OPINION

The farmer is the farm

Flip Buys says that real value often lies in that which you cannot see (or physically grab)

The high expectations generated by the parliamentary motion of the ANC and EFF on the expropriation of land without compensation, are now resulting in the incitement of poor people to occupy land unlawfully. The EFF abuses these expectations by proffering that land grabbing is a quick fix for the problems the poor face. It is almost as if some really believe that owning a farm will turn you into a “rich boss” overnight.

However, reality has proved differently. In Zimbabwe seizing land from successful farmers led to major poverty, suffering and famine among black people, and in their distress thousands flocked to South Africa in search of jobs and food. The lesson taught by Zimbabwe is therefore that legislation that is driven by anti-white intentions ultimately can have anti-black consequences also. Naturally, the white farmers suffered immense losses but many were able to get back on their feet again elsewhere. The poverty and misery among black people caused by those land seizures was indescribable.

Thus it is not land that leads to prosperity but expertise. The Zimbabwean farmers who had lost their land had the expertise to start businesses in cities or in other countries. Without extensive know-how possession of land leads to poverty and suffering among humans and animals alike. Unemployment spikes, the National Treasury loses tax revenue and the population suffers famine as food becomes scarce and unaffordable. Thus, the land is not the farm; the farmer is the farm. The farm is in the farmer’s head, so to speak – it is all about his knowledge, experience and entrepreneurship.

The mistake the Malemas of this world make is to think that a farm consists of all that the eye can see: the land, the fields, the equipment and the implements, the buildings and the vehicles. That is why the EFF leader has said that the farmers who want to go to Australia must leave such things behind. However, that is not the case. Much of the real value of the farm lies in everything that is not visible: the farmer’s entrepreneurship, his agricultural knowledge, management ability, a network of experts in the value chain, perseverance and values.

Those qualities that cannot be seen by the eye, cannot be seized by means of nationalisation; are not bound by place, and can go wherever they need or want to. A farmer who goes to Australia takes his “farm” with him, even if he goes there with only the clothes he is wearing. No matter where he ends up, he will again be able to produce food in new lands because he carries his farm within him. On the other hand, the cadres who have seized his farm will end up empty-handed and without food because the farm is gone.

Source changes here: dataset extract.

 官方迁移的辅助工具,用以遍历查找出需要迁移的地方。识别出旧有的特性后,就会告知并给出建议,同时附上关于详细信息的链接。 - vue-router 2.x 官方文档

This misconception also applies to other matters such as universities and towns. Politicians may think that the expropriation of schools and universities, first by “transforming” (that is, getting rid of) the language and then by “transforming” (that is getting rid of) the speakers of the language, will give them ownership of knowledge “factories”, where people with a poor education will be turned into erudite intellectuals. However, in essence, a university is not what the eye sees, for example the buildings, top jobs and grand motorcars. A university is everything the eye cannot see: the intellectual capital accumulated over decades, research ability, teaching experience, academic culture, a pipeline of students coming from top schools and a formative student life that prepares young folk for the world of work.

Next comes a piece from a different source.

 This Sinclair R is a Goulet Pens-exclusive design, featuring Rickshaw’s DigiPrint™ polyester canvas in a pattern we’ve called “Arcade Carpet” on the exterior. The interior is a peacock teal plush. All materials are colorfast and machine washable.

When the University of Pretoria’s current Vice-Chancellor and Principal was appointed, Minister Nkosazana Dlamini-Zuma claimed triumphantly: “We have taken Tuks!” This is typical of the attitude by which so many institutions have been taken over. However, only time will tell whether the outcome of this type of takeover is anything but the start of a dead end.

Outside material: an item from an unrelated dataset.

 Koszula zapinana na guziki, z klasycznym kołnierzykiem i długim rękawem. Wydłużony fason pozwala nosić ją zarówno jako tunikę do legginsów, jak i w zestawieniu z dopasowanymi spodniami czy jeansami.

The main reason for the inevitable failure of transformation lies in the fact that the wrong things are being “transformed”. Everything that is visible is being overthrown – whether it is the taking of the farmer’s farm or the Afrikaans community’s language or universities. On the other hand, the invisible farm or university is not even noticed, let alone developed or utilised. As those who have taken the farm or the university eventually realise that what they have taken and colonised no longer works, it leads to anger and disillusionment. That is why service delivery protests are taking place; why city halls are burning; why towns are being devastated in anger.

In this way, ironically, the “winners” become the losers and the losers the winners. Those who occupy farms, towns or universities may initially think they have won, but soon find that they have really lost – as Zimbabwe has proven. On the other hand the “losers” almost always find a way out, as the emergence of excellent private hospitals and schools, private estates, private security services and institutions such as Sol-Tech and Akademia have shown.

For this reason, the almost fanatical repetition of failed recipes remains a strange phenomenon. History has shown time and again that politically popular yet economically unfeasible plans are always to the disadvantage of those who ostensibly ought to have benefitted from them, and they often lead to those who ought to have been impaired by such plans being better off.

While the transition phase brings unimaginable destruction, damage and disadvantage those communities that subscribe to successful values cannot be suppressed in the end. They will just rise again, and again.

Flip Buys is chairman of the Solidarity Movement.